Dr WOODRUFF (Franklin) - I want to echo the sentiments that Ms Johnston spoke of just then. It is very distressing to have spent some two days speaking on this bill. This bill has been a really long time coming. It has been years. In fact, the whole time since I have been in Parliament, since 2015, I have been waiting for this amendment bill to be tabled. It has been the most discussed bill in the community in my history and knowledge of being a member of the Tasmanian community and a member of the parliament.
Here we are today and it is distressing, on behalf of the community sector and people who work every day with people who are enmired in gambling addiction, and their families and all the neighbourhood centres, and all the other community groups who deal with all the other people around them who are affected.

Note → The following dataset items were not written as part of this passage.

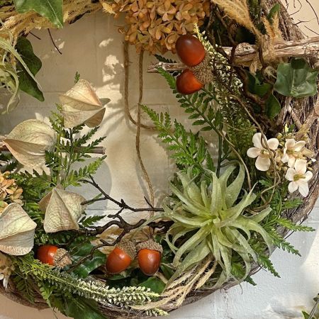 Dieser Rattankranz vereint sorgfältig arrangierte künstliche Tannenzweige, glitzernde Beeren, Holzsterne, Zapfen und einen süßen Engel in der Mitte. Ein harmonischer Winter-Blickfang. Von unserer Floristin liebevoll als Einzelanfertigung geschaffen, passt er perfekt zur kalten Jahreszeit und verleiht der Eingangstür oder der Wand eine warme, einladende Note. Pflegeleicht, langlebig und vielseitig einsetzbar – ideal als stilvoller Dekokranz für die Winterzeit.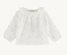Blouse écrue à motif fleuri en gaze de coton, col volanté et ouverture pressionnée au niveau de l'épaule. Taille 3 mois.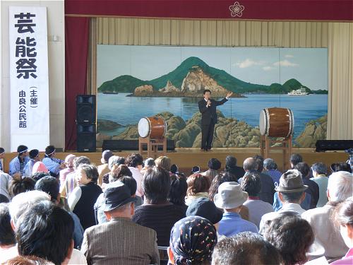 水軍太鼓で幕を開けた「第1回由良地区芸能祭」。カラオケや踊りなど芸達者な皆さんが集い、楽しいひと時を満喫致しました。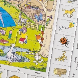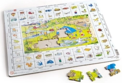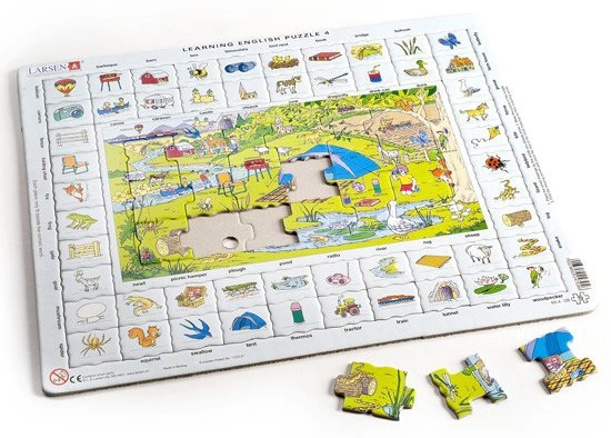 Larsen dėlionė Anglų kalba skirta tiems, kurie mėgsta mokytis žaismingai. Pievoje už kaimo ar prie tvenkinio galite atrasti įvairius personažus ir daiktus, reikalingus stovyklavimui. Prie abėcėlės tvarka išdėstytų angliškų pavadinimų dėlionės kraštuose priderinami atitinkami paveikslėlių gabalėliai.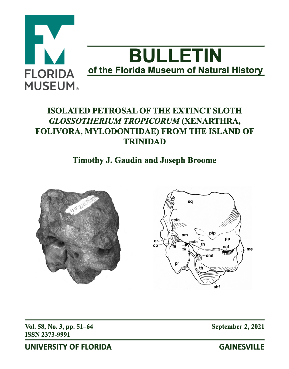 Vol. 58 No. 3 (2021): Isolated petrosal of the extinct sloth Glossotherium tropicorum (Xenarthra, Folivora, Mylodontidae) from the island of Trinidad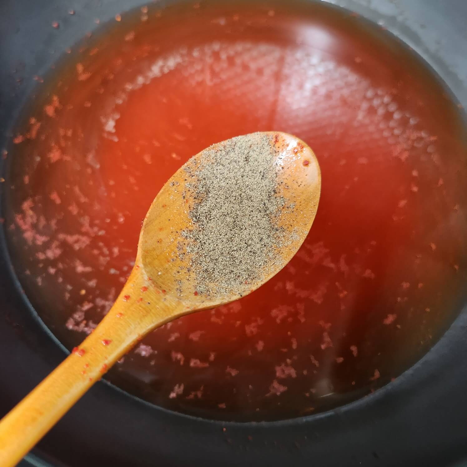 - 숟가락 기준으로 고춧가루 2, 간장 2, 소금 0.5, 후추 취향 것 (20번), 국수장국 가쓰오부시 2숟가락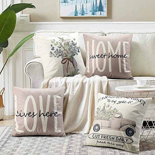 Federa per cuscino 45 x 45 cm, lavabile, in lino, cuscino quadrato esterno, impermeabile, foglie verdi di camion casa, motivo federa per patio, giardino, divano, letto, sedia, decorazione soggiorno,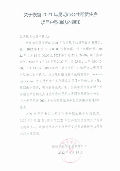 昆明信息港訊 記者上官艷君 1月17日,昆明市公有房屋管理中心發(fā)布關(guān)于恢復(fù)2021年昆明市公共租賃住房項(xiàng)目戶型確認(rèn)的通知。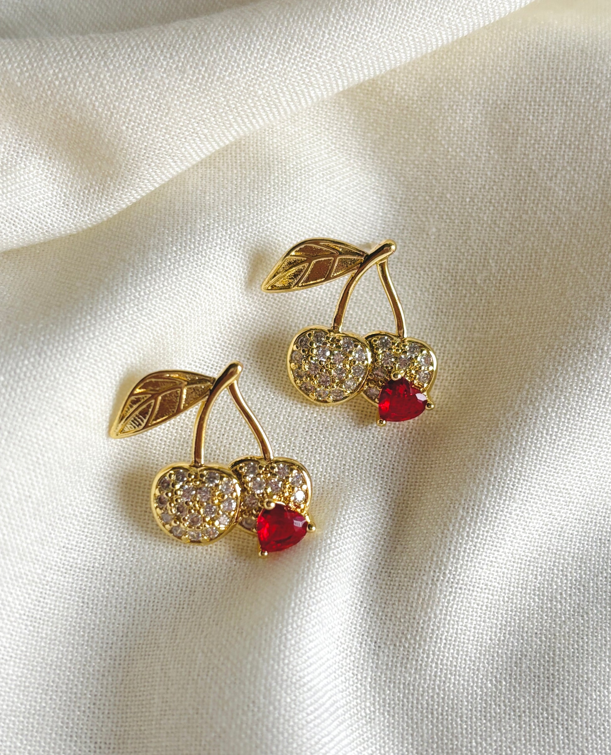 • Gold-plated cherry design with crystal pavé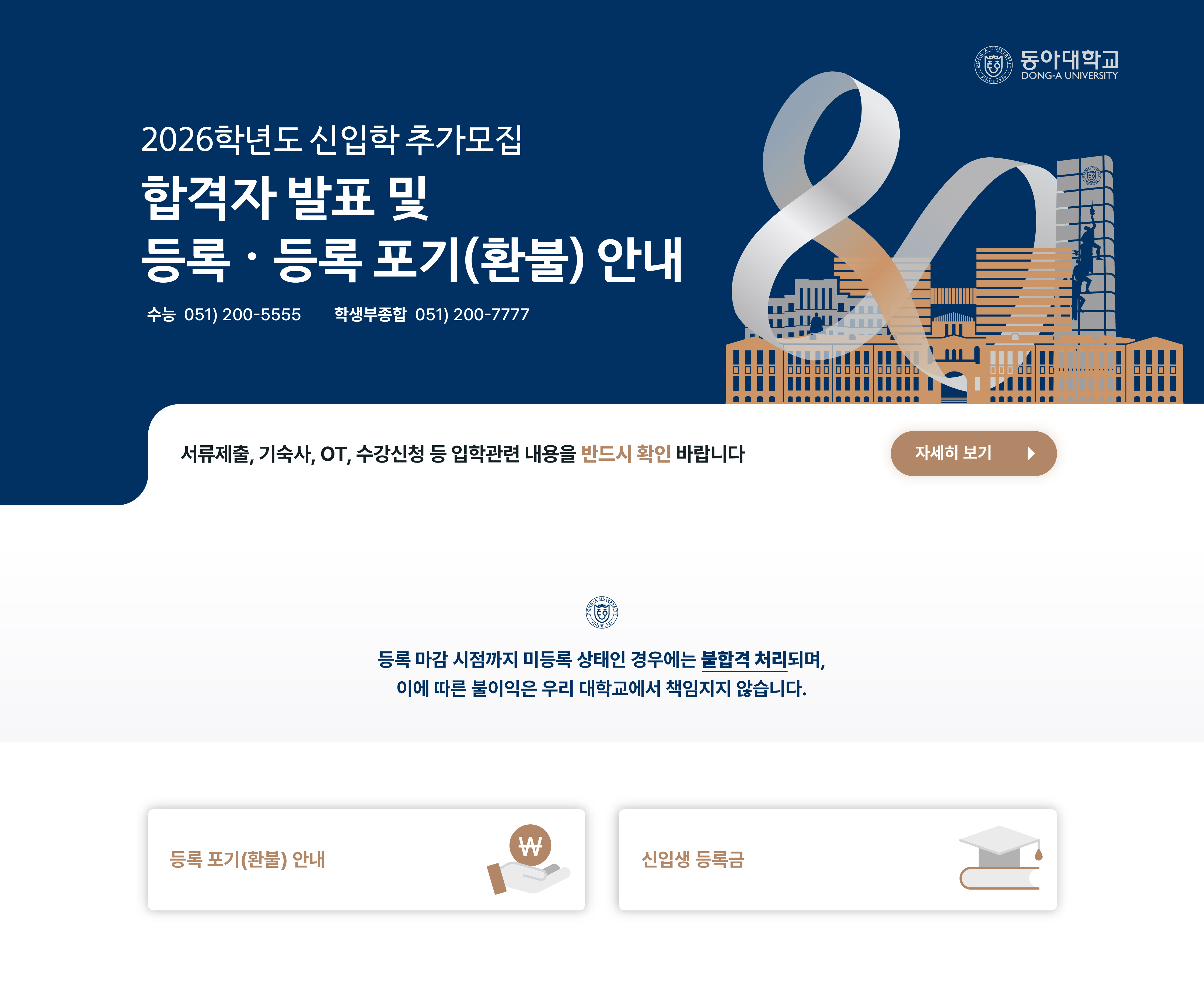 예비합격 후보자는 연락처 변경이나 장기간 출타 시에는 반드시 입학관리과(☎051-200-5555)로 전화바랍니다. |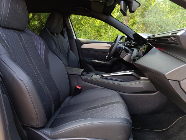 Nálam a belépő szintet jelentő, 145 lóerős mild hybrid hajtáslánccal járt, de létezik belőle tisztán elektromos, és idéntől dupla kuplungos automatával párosított, konnektoros hibrid is. Ezutóbbi hajtás még a 3008-ben debütált, most pedig megkapta a 308 és a 408 is. Furcsa, de az átmeneti időszakban elérhető ugyanez a PHEV hajtás 8-fokozatú hagyományos automatával, és a 7-fokozatú duplakuplungossal is. Szerencsére ezek közül egyikkel sem kellett foglalkoznom, ugyanis az én tesztautómban 6-fokozatú e-DCT váltó viszi tovább az 1,2-literes, háromhengeres motor erejét az első kerekek felé.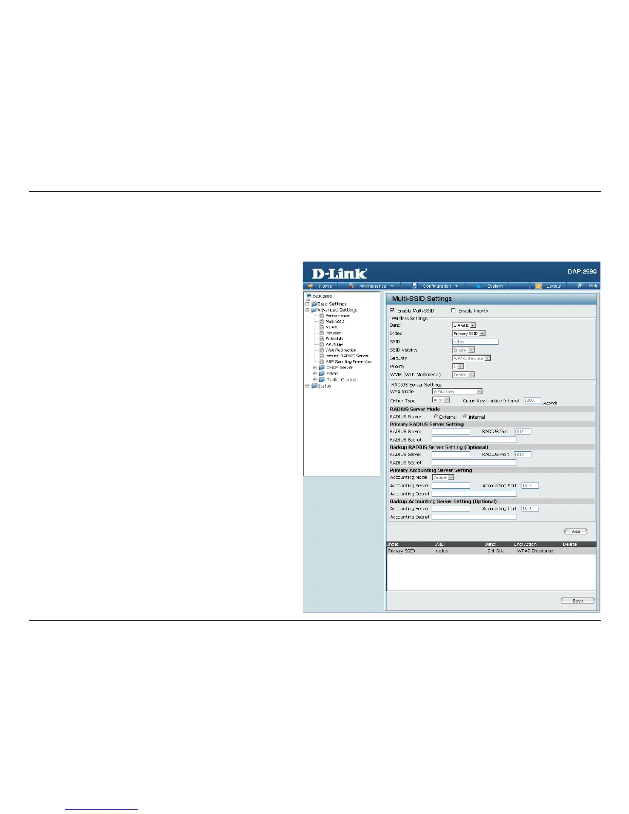 the information for the new SSID is nished, click the Add button. Click the Save button to let your changes take eect.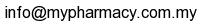 Syarikat yang khusus| Syarikat : | MY PHARMACY SERVICES SDN BHD | | Faks : | 607-3332110 | | Alamat : | 56A, JALAN PERANG TAMAN PELANGI 80400 JOHOR BAHRU, JOHOR, MALAYSIA | | Emel : |  | | Website : | http://mypharmacy.plansbiz.net |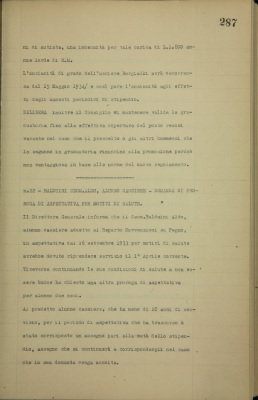 Balduini Aldo, alunno cassiere. Domanda di proroga di aspettativa per motivi di salute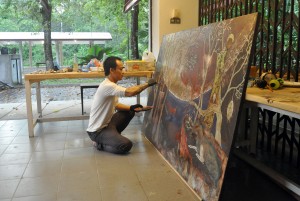 Le Thua Tien has a diverse art practice that includes paintings, installation, experimentation with sculpture and community based art projects. The direction of Tien’s paintings changed from figurative to abstract when he arrived at the Rijks Academy in Amsterdam in 1995. Some of his most recent works are mixed media and lacquer and can be considered symbolic of his subjects. He is one of Vietnam’s few artists who address the American War in his works. His work also tends to be more conceptual than many other Vietnamese artists. His work has been displayed in the United States, Thailand, the Netherlands, France, Germany, Venezuela, Japan, and Australia. Le Thua Tien lectured at the Fine Arts University in Hue, Vietnam, from 1989 to 2008. He now lives and works in Hue.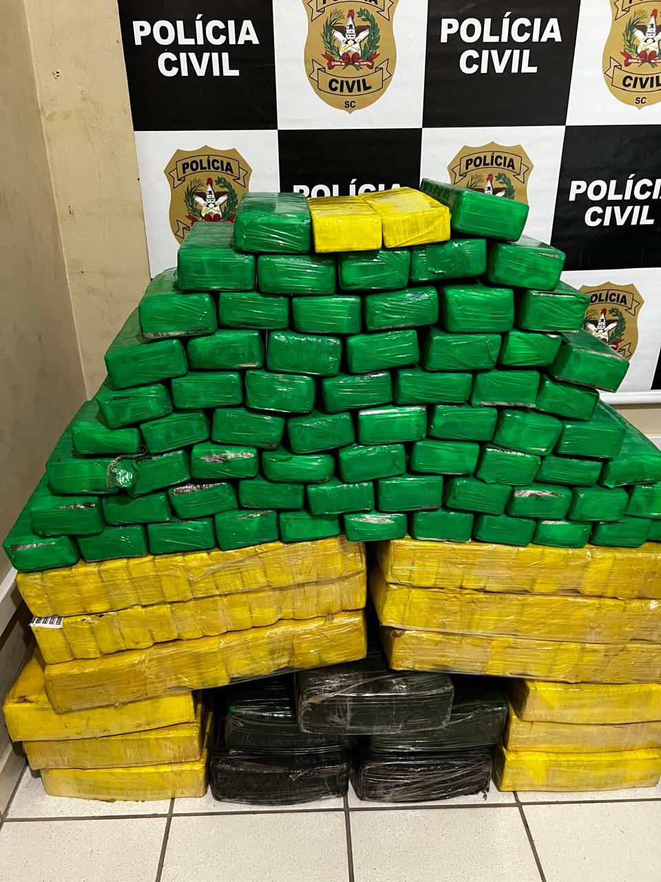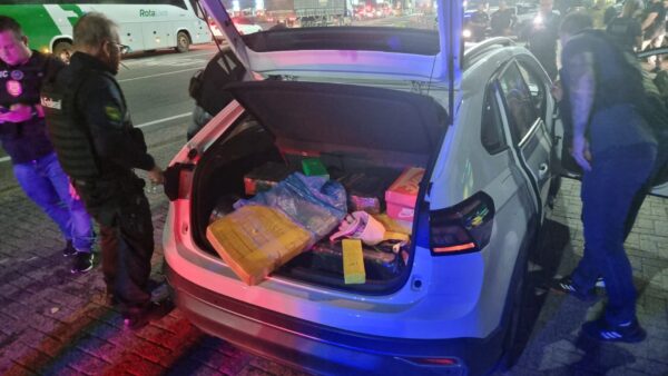 Assim, foi realizada uma barreira policial na cidade de Garuva, ocasião em que foi abordado o veículo VW/Nivus com um casal e num segundo momento o veículo Fiat/Palio também com dois ocupantes que transportavam cerca de meia tonelada de maconha. Foram presos em flagrante quatro pessoas, sendo três homens e uma mulher.

To hear the evidence that we presented on behalf of the people who made very passionate submissions to multiple stages of the draft bill, to hear their words being talked of through our mouths as being morally superior and somehow on a moral grandstand, as though it is sanctimonious to keep reminding members of the Labor and the Liberal Party of the public interest test. That should have been put first and foremost in front of every single clause of this bill and yet, at every point, it was put to the end. What we looked at was fundamentally where we have ended up - a deck that has now been fully loaded in the favour of Federal Hotels.
The two parties have lined up in 43 divisions that we called, Labor and the Liberals stood together and voted 43 times against some important amendments, not to get rid of the bill but to make that bill a little bit less harmful for people who sit stuck in chairs continuing every single day to spend their money and put it down the drain when they do not want to. There were opportunities 43 times to not just do what the people who have made submissions in Tasmania but also the psychologists, the academics who have been working in gambling addiction, the economists and the multiple parliamentary inquiries. The spirit of the Tasmanian people in the late 1960s when this was for the very first time a spectre on the horizon of something awful that could come to Tasmania, people were incredibly clear and they have never changed in their clarity, that we do not want poker machines in pubs and clubs.
The Greens and Ms Johnston, we have done what we can to put those views on the table. Those words will now sit in Hansard. We just hope that at a future time there is a government that is able to do something to unstitch what, just at this point in time, looks like a forever commitment by the Labor and Liberal parties to put the interests of Federal Hotels and the THA ahead of disadvantaged Tasmanians.